1. Soybeans, weaker grains in the day-to-day trade
Soybean and corn futures were down in overnight trading due to technical selling and some optimism about the rains in South America.
Investors are likely to be settling their positions before the end of the year, with some having been in the market for a long time or betting on higher prices, selling contracts and closing positions before December 31st.
Weather wise, “limited relief” is expected through Friday in parts of central and southeastern Brazil, the Commodity Weather Group said in a report yesterday.
Parts of Paraguay and central Brazil could see some drought relief from Tuesday to next Thursday, the forecaster said.
“The regime of active rains in northern Brazil promotes growth, but excess rainfall (and) flooding problems persist in (the) 10-15% of the northeast” of soybean growing areas, said said the CWG.
Still, all is not rosy as drought stress now affects 35% to 40% of producing regions in Brazil, the world’s largest soybean exporter, and most of Paraguay will only shrink slightly next week. , said the forecaster.
Wheat futures were narrowly lower overnight on signs of weak demand for US supplies.
Grain exports since the start of its marketing year on June 1 are now 10.6 million metric tons, down 22% from the same period last year, according to US Department data. of Agriculture.
Foreign buyers have pledged to purchase 15.8 million metric tonnes, also down 22% year-over-year, the USDA said in a report last week.
Soybean futures for November delivery fell 8½ ¢ to $ 13.59½ a bushel overnight on the Chicago Board of Trade. Soybean meal fell from $ 1.90 to $ 407.20 per short ton, while soybean oil fell from 0.18 to 56.49 per pound.
Corn futures for December delivery fell 2½ ¢ to $ 6.02 a bushel.
Wheat futures for December delivery fell 3½ ¢ to $ 7.80 a bushel, while Kansas City futures fell 4¼ ¢ to $ 8.17½ a bushel.
2. China Should Approve Domestic GM Maize
China will likely approve the use of genetically modified corn varieties made in the country after a public comment period until Jan. 17, the Ministry of Agriculture and Rural Affairs said in a statement.
The companies making the new GM varieties are China National Tree Seed Corp, China Agricultural University, Hangzhou Ruifeng Biotech and Beijing Dabeinong Biotechnology, the ministry said.
After the public comment period, the government is expected to approve the new varieties.
Yet China does not allow planting of genetically modified corn or soybeans, although it does allow the importation of these varieties for use in animal feed.
The Asian country is expected to produce 272.6 million metric tonnes of corn this year, up from 260.7 million tonnes a year earlier, according to the US Department of Agriculture.
Imports are set at 26 million metric tonnes, making China the world’s largest buyer of grain.

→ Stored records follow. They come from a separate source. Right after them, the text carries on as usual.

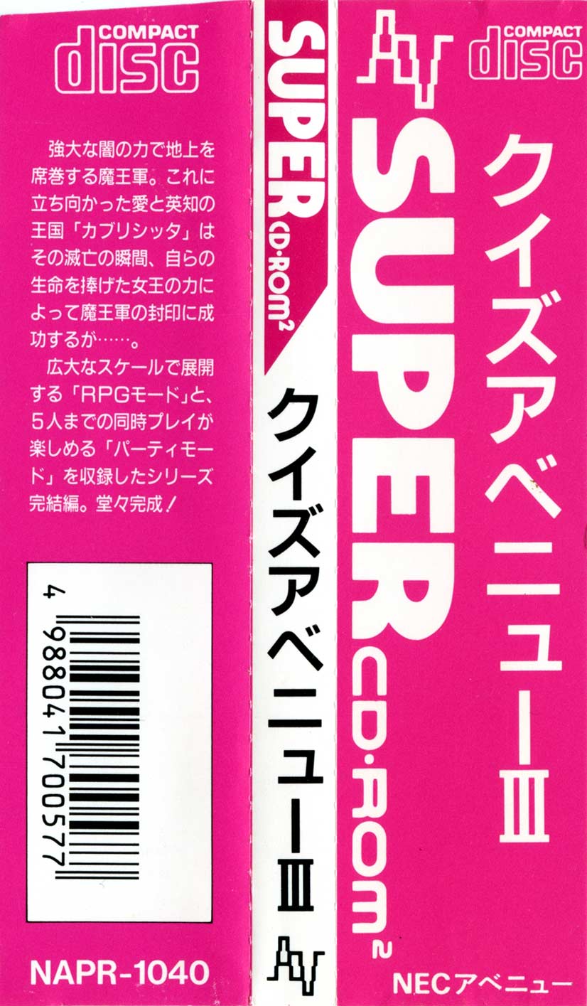 QUIZ AVENUE 3 クイズアベニュー3 MAKER: NEC AVENUE RELEASE DATE: 25 NOVEMBER 1994 STYLE: QUIZ FORMAT: SUPER CD-ROM RATING: UNRATED
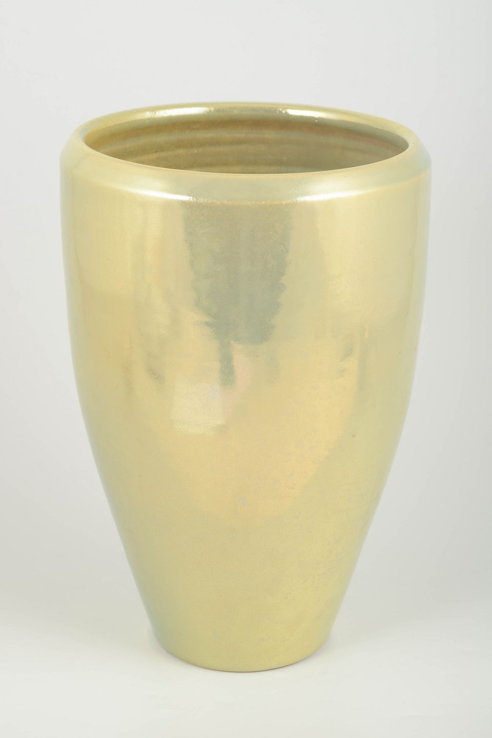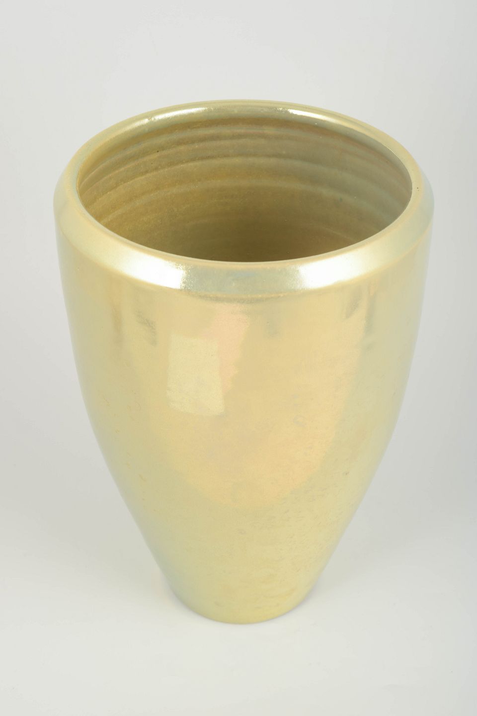 Håndlavet vase i keramik med en smuk, iriserende perlemorsglasur i lyse gyldne toner. Formen er klassisk konisk med let afrundet åbning, hvilket giver vasen et elegant og tidløst udtryk, typisk for Mobachs håndværkstradition.
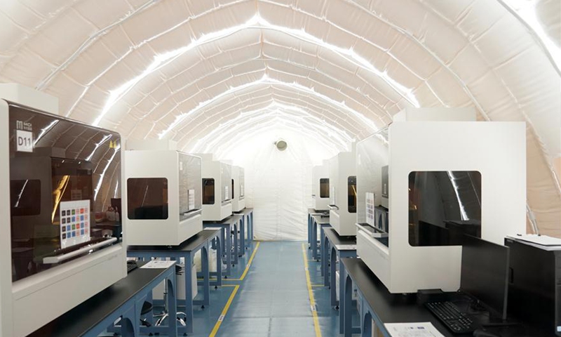 Photo taken on Aug. 26, 2020 shows the Fire Eye Laboratory geared up for large-scale COVID-19 testing in Hong Kong, south China. Hong Kong's Fire Eye Laboratory at Sun Yat Sen Memorial Park Sports Center is ready to support large-scale COVID-19 testing under the Hong Kong Special Administrative Region (HKSAR) government's Universal Community Testing Program (UCT Program) to be launched on Sept. 1.Photo:Xinhua
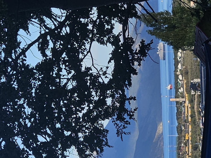 A coastal town is partially obscured by a tree silhouette. A large cruise ship sits on a body of water with hills in the background. Smaller buildings and vegetation line the coast. The sky is partially visible through the tree branches, hinting at clear weather.
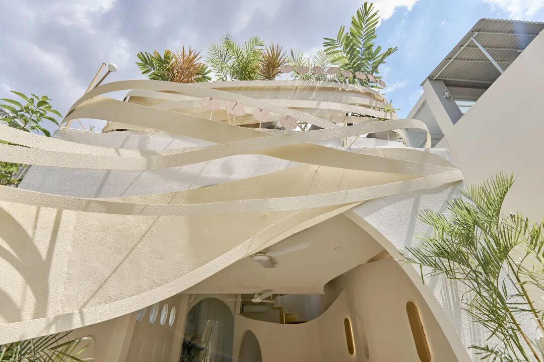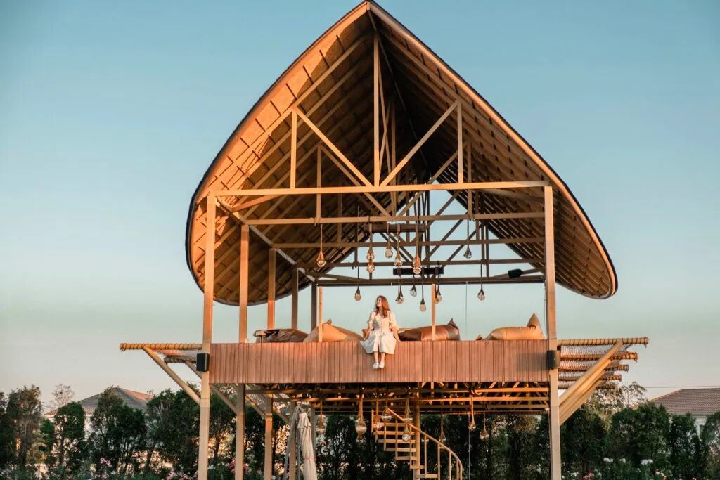 KontumIndochine Cafe 位于越南 KontumIndochine Hotel 酒店内,由 Vo Trong Nghia Architects设计。设计灵感来自越南传统捕鱼用的竹筐,屋顶采用茅草和增强纤维材料编制而成,光线可以很容易地穿透并洒入餐厅。

It is also the largest importer of soybeans.
China will use 214 million metric tonnes of corn for livestock feed, significantly exceeding the 143.5 million tonnes the United States is expected to use for animal feed, the USDA said.

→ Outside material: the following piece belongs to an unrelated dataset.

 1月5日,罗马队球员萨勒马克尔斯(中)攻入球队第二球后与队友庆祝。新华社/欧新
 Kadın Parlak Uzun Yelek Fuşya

Total corn consumption is estimated at 294 million metric tonnes in the Asian country, behind only the United States, which is expected to use 313.2 million metric tonnes of corn in MY 2021-2022, said the Ministry of Agriculture.
3. Wind chill warnings issued for much of the northern plains
Wind chill warnings and advisories are in effect for all of North Dakota and parts of Montana, South Dakota and Minnesota this morning, according to the National Weather Service.
A “life threatening cold” is expected as wind chills are expected to drop to -50 ° F, the NWS said in a report early this morning.
“Frostbite on exposed skin (can occur) in as little as 10 minutes,” the agency said. “Don’t stay outside for too long. When outdoors, be sure to wear appropriate clothing.
Further south, in the southern plains, red flag warnings have been issued due to extremely dry weather in the region.
Winds will be sustained from 20 to 30 mph with gusts of up to 40 mph expected, the NWS said.
Relative humidity is expected to drop to 19% today.
“Critical weather conditions for the fires are expected to develop this afternoon in west central and southwestern Texas Panhandle,” the agency said.